In the records below, find the line with "Toyota Aygo teilt" and repeat exactly every line from it through the line with "2018年,东城区共谋划百城". Pictures stay out.

■ Input:

Content starts

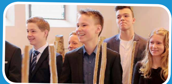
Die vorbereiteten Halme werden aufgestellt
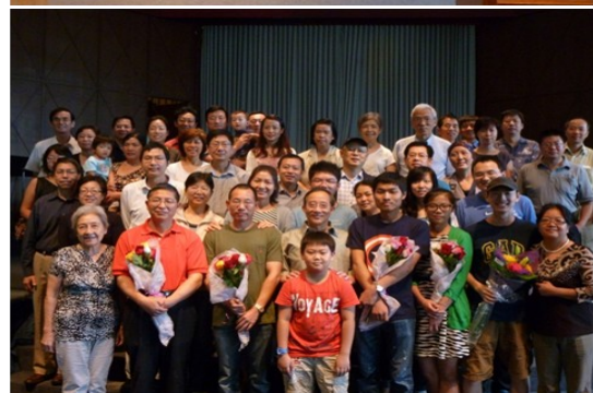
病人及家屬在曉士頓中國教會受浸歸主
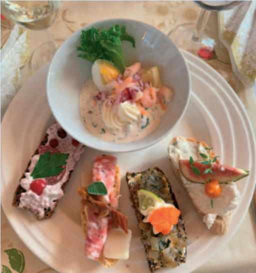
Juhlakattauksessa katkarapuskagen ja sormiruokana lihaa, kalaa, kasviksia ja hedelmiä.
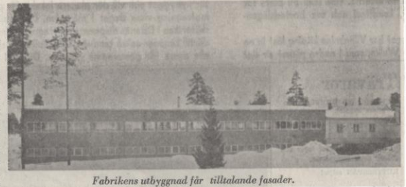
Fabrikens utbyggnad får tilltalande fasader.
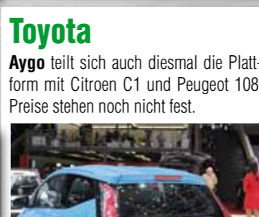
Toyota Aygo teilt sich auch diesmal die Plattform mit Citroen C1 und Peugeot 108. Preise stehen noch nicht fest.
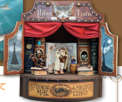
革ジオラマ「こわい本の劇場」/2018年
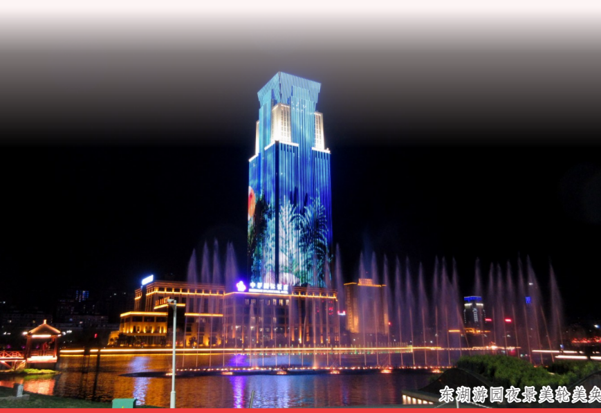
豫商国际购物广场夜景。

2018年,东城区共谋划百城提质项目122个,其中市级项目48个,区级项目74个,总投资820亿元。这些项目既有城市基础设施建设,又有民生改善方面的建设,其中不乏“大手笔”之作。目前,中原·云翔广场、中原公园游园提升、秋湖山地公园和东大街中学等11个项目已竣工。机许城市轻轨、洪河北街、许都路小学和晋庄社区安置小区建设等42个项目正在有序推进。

Content ends
Content starts

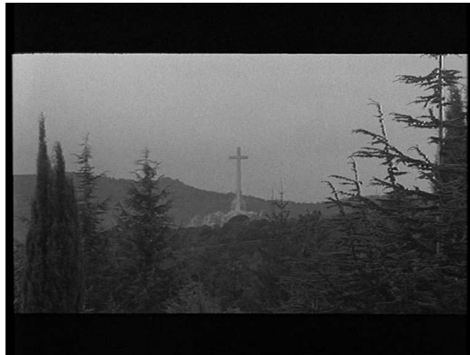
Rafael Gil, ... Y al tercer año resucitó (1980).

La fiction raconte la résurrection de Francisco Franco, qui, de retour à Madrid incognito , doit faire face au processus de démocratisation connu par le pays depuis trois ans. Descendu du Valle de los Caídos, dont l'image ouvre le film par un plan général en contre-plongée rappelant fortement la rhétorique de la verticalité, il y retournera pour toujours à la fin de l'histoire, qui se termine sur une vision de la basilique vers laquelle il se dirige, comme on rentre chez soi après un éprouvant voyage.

Content ends

■ Exercise result:
Toyota Aygo teilt sich auch diesmal die Plattform mit Citroen C1 und Peugeot 108. Preise stehen noch nicht fest.
革ジオラマ「こわい本の劇場」/2018年
豫商国际购物广场夜景。

2018年,东城区共谋划百城提质项目122个,其中市级项目48个,区级项目74个,总投资820亿元。这些项目既有城市基础设施建设,又有民生改善方面的建设,其中不乏“大手笔”之作。目前,中原·云翔广场、中原公园游园提升、秋湖山地公园和东大街中学等11个项目已竣工。机许城市轻轨、洪河北街、许都路小学和晋庄社区安置小区建设等42个项目正在有序推进。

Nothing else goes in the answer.